• [Work instructions]:
Your answer must hold only the lines below from the line containing "Gancho De Parede" through the line containing "Anunț: Contract de", each reproduced exactly.

- - -

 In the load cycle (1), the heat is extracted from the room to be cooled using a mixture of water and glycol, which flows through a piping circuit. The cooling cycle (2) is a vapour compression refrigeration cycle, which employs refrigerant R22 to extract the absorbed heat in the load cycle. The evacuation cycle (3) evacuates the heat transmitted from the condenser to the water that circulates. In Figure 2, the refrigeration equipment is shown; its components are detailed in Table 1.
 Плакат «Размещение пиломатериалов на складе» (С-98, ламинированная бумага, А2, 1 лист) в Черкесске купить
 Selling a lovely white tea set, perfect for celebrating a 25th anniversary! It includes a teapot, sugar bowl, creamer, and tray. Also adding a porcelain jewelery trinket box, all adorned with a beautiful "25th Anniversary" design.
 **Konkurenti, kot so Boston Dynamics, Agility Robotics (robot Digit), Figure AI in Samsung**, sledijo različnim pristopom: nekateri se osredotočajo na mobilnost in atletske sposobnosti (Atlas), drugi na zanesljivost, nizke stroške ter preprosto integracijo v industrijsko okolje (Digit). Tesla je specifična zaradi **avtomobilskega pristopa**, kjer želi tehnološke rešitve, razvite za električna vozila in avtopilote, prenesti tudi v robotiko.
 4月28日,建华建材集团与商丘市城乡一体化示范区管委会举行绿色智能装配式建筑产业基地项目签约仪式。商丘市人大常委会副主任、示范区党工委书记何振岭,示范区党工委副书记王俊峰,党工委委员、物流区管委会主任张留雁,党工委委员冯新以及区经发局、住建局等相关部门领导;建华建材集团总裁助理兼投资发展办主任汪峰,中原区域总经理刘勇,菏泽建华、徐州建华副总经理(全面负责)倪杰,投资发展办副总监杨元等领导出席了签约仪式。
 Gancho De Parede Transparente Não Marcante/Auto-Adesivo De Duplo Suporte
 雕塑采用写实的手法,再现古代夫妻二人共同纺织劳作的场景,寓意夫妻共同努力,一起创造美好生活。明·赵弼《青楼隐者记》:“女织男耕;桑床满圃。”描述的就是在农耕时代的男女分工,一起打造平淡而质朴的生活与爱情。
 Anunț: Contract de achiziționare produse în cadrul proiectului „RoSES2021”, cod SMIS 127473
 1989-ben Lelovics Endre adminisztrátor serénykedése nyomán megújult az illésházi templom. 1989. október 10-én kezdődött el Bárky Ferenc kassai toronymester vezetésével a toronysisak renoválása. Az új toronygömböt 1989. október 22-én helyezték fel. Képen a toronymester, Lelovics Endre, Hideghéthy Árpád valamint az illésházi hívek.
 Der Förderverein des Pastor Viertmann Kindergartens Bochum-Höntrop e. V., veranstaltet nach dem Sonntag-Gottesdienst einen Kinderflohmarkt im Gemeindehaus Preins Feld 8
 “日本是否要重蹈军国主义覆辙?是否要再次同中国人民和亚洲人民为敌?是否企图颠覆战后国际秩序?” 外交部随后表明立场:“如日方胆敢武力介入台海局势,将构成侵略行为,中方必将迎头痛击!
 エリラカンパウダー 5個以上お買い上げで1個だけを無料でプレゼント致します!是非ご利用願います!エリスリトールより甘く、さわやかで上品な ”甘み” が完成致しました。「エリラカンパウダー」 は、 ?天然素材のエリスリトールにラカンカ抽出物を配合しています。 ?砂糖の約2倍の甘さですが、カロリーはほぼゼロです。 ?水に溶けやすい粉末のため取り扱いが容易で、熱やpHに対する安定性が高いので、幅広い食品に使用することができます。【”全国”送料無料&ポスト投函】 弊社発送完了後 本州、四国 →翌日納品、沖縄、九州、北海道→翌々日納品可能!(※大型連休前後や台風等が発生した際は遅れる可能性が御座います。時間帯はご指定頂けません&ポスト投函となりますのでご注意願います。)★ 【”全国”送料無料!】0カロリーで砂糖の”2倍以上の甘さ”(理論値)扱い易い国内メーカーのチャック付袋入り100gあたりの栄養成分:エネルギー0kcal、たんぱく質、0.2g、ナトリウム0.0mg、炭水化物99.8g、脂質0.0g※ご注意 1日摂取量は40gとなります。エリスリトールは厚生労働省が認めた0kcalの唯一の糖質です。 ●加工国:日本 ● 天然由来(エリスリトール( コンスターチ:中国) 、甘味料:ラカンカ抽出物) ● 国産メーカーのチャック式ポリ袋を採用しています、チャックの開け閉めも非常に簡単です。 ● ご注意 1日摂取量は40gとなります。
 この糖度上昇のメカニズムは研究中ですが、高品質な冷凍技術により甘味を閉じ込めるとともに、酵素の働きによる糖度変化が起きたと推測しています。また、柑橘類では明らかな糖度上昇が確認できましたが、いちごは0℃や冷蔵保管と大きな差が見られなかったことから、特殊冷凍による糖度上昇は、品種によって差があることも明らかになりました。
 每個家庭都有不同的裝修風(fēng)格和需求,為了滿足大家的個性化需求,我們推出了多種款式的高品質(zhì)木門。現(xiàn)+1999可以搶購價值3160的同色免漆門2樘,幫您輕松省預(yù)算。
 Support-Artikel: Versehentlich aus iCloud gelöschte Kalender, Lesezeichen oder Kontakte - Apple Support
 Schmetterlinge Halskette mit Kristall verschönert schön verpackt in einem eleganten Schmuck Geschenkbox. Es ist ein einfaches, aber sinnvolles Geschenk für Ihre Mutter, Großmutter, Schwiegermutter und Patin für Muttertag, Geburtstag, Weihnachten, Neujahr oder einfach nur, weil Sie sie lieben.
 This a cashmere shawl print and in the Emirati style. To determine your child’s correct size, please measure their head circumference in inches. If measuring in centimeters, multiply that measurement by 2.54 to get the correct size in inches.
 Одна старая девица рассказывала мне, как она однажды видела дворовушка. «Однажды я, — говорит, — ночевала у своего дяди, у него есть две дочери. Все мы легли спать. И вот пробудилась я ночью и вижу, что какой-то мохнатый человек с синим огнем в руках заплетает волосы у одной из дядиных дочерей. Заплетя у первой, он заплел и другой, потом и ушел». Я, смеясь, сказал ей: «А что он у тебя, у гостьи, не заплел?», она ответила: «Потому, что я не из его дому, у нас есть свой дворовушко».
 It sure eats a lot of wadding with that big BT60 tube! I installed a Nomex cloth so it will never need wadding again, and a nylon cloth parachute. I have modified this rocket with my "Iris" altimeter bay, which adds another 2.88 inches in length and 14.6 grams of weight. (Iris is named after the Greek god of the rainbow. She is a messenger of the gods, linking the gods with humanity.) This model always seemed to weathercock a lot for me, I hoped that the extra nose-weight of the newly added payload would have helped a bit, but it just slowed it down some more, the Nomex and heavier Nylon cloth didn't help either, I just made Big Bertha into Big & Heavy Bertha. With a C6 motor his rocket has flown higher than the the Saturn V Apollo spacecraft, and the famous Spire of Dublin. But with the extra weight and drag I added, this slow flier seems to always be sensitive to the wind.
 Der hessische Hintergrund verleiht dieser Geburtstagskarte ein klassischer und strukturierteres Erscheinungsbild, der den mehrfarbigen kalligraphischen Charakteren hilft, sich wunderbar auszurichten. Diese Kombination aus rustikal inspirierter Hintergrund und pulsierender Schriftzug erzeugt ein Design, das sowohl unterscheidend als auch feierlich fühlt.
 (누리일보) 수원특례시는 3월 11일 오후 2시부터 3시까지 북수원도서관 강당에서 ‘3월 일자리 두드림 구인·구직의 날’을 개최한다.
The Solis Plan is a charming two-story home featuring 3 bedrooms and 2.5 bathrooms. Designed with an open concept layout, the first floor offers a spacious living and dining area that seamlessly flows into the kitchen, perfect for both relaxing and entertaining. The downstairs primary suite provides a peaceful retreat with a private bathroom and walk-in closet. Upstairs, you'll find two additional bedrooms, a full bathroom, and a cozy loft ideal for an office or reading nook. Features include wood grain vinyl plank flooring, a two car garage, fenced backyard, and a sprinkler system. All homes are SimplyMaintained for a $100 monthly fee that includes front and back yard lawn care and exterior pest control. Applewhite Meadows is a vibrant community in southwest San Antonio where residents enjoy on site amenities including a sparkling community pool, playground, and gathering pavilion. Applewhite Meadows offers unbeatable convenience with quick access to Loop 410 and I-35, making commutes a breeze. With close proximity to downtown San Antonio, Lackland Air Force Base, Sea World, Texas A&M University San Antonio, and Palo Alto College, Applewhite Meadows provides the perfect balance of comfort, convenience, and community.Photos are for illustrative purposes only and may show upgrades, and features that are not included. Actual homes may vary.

- - -

• [Exercise answer]:
 Gancho De Parede Transparente Não Marcante/Auto-Adesivo De Duplo Suporte
 雕塑采用写实的手法,再现古代夫妻二人共同纺织劳作的场景,寓意夫妻共同努力,一起创造美好生活。明·赵弼《青楼隐者记》:“女织男耕;桑床满圃。”描述的就是在农耕时代的男女分工,一起打造平淡而质朴的生活与爱情。
 Anunț: Contract de achiziționare produse în cadrul proiectului „RoSES2021”, cod SMIS 127473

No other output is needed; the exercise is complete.